Лыкаш судорожно сглатывал, во рту плавал вкус желчи. Ворон шатался на коленях, связанный, избитый, окровавленный так, что по глазам лишь можно признать, да и те едва открывались. Лихарь держал его за волосы, не давая свалиться.
— Отец! — В голосе стеня мешались слёзы и ликование. Он сам стоял в одной тельнице, не замечая мороза. Смотрел то на Ветра, укрытого его кожухом, то на Ворона, то на толстые длинные сучья, простёртые над дорогой. — Отец, мы отомстим за тебя!
Верёвки, что сбрасывали в обрыв, лежали свёрнутые. Нетерпеливый Шагала уже лез на дерево, Бухарка держал моток, готовился кинуть ему. "Не смей", — хотел сказать Ветер. Губы слушались плохо. Лихарь, прекрасно умевший разбирать безмолвную речь, приказа не понял. Или предпочёл не понять.
— Второй раз! — выкрикивал он. — Второй раз наш отец взял ученика под крыло!.. Возложил надежду… многого ждал… И опять казнит за измену!..
Стрельное зелье начало отпускать. Ворон кое-как приподнял голову. Лицо не было лицом, порезы, рваная кожа, в бороде потёками кровь, но глаза блеснули. Он выдохнул с липкими пузырями:
— А ты оба раза чужим здоровьем болел.
За такие страшные, опасные слова досталось ему кулаком по зубам. Взгляд Ветра вспыхнул… снова померк. Дальнейшее Лыкашу запомнилось обрывками, бессвязными клочьями. Спустили сверху верёвку. Обошли петлёй руки, связанные за спиной. Поддёрнули.
— Дружка где спрятал?
Ворон улыбнулся.
— Твоим ножом, учитель! — Голос Лихаря звенел и срывался. — Ты словом благословил, да неблагословенному отдал! Славься, Владычица!..
Лыкаш медленно пятился, борясь с дурнотой. Сейчас, вот сейчас что-то вмешается. Встанет Ветер. Вернутся Хотён и Пороша, у них достанет отваги…
— Сказывай, где укрыл?
Бухарка и Вьялец сдирали с дикомыта одежду. Вскраивали с кожей. Отыгрывались за срам на орудье. Искали милости Лихаря. Ветер перехватил взгляд ученика, губы трудно, медленно обозначили:
"Ты всё-таки обставил меня, сын".
Ворон вроде усмехнулся, ответив так же безмолвно:
"Лишь однажды!"
Собрался бежать — неча лежать!
Это мама говорила. Мама, которую Ознобиша не видел убитой. Ему солгали о её смерти. Нужно только добраться туда, где она его ждёт.
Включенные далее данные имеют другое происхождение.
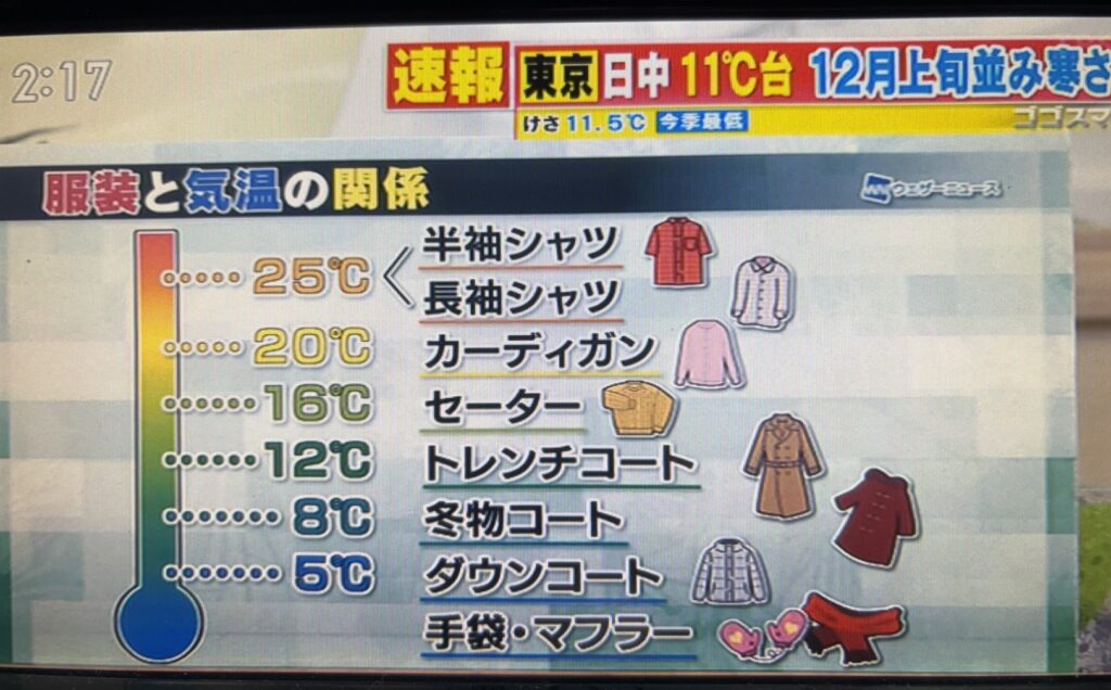 テレビで説明をしていた「冬物コート」を着る寒さだ。

Он долго ворочался в темноте, ища лаз наружу. Искромсанные пальцы тыкались во всё подряд, за всё задевали. Нашарив выход и с горем пополам откопавшись, Ознобиша не сразу набрался мужества выглянуть. За хрупким ледком, за пятнышком тусклого света притихло с наведёнными самострелами всё моранское воинство. Высунь голову — обрушат издевательский хохот. В десять рук отберут поманившую было свободу. Опять распнут на колоде…
У обломанной ёлки было тихо и пусто. Медленная тащиха затягивала следы трёх пар лыж.
"Это они меня принесли?.."
Люди топтались, спорили у закиданной снегом норы, потом разошлись. Двое прямо, третий назад. Ознобиша немного постоял, соображая, где юг. Лес узнать он так и не смог, но расположение притона помнил отлично. Успел заметить, откуда шли тучи, когда…
Взгляд цвета зеленоватого льда, чужой, безразличный…
Лучше не вспоминать. А то хоть ныряй обратно в заломок, покрепче жмурь глаза и не открывай больше.
"Нет. Я не сдамся. Я выживу. Я вернусь в Выскирег. Я ещё свои разыскания Эрелису не поднёс…"
Тёплый кожух, наверно, был прежнему хозяину по колено. Ознобишу кутал до щиколоток, как шуба. На ногах лыжи, в кузовке за плечами какая-никакая еда, почему не дойти? А если из правой руки то и дело бьют огненные сполохи, так это пустяк.
"Я смогу. Я делаю первый шаг: долгий путь уже чуть короче. Меня книжница ждёт. Царевна соскучилась…"
В памяти нарывом сидели боль и отчаяние узилища. Вот он, плача, ощупывает больную руку здоровой. Вот наверху торопливо сдвигается крышка, он вскидывает голову: уже?!. В слабых отсветах мелькает быстрая тень. Слетает вниз, и за нею — долгая тьма…
…Чистый мороз льётся в горло, гоня могильный душок…
"До сих пор было всутерпь, значит, выдержу и ещё. Никому меня не сломить, пока сам не сломаюсь…"
Десяток саженей Ознобиша двигался по лыжнице. Потом соступил. Влез в чащу, обрушил за собой снег. Тащиха взялась размыкивать рыхлую груду, заносить след. Лыжи легко и мягко шли по уброду, неглубокая ступень быстро сглаживалась, исчезала.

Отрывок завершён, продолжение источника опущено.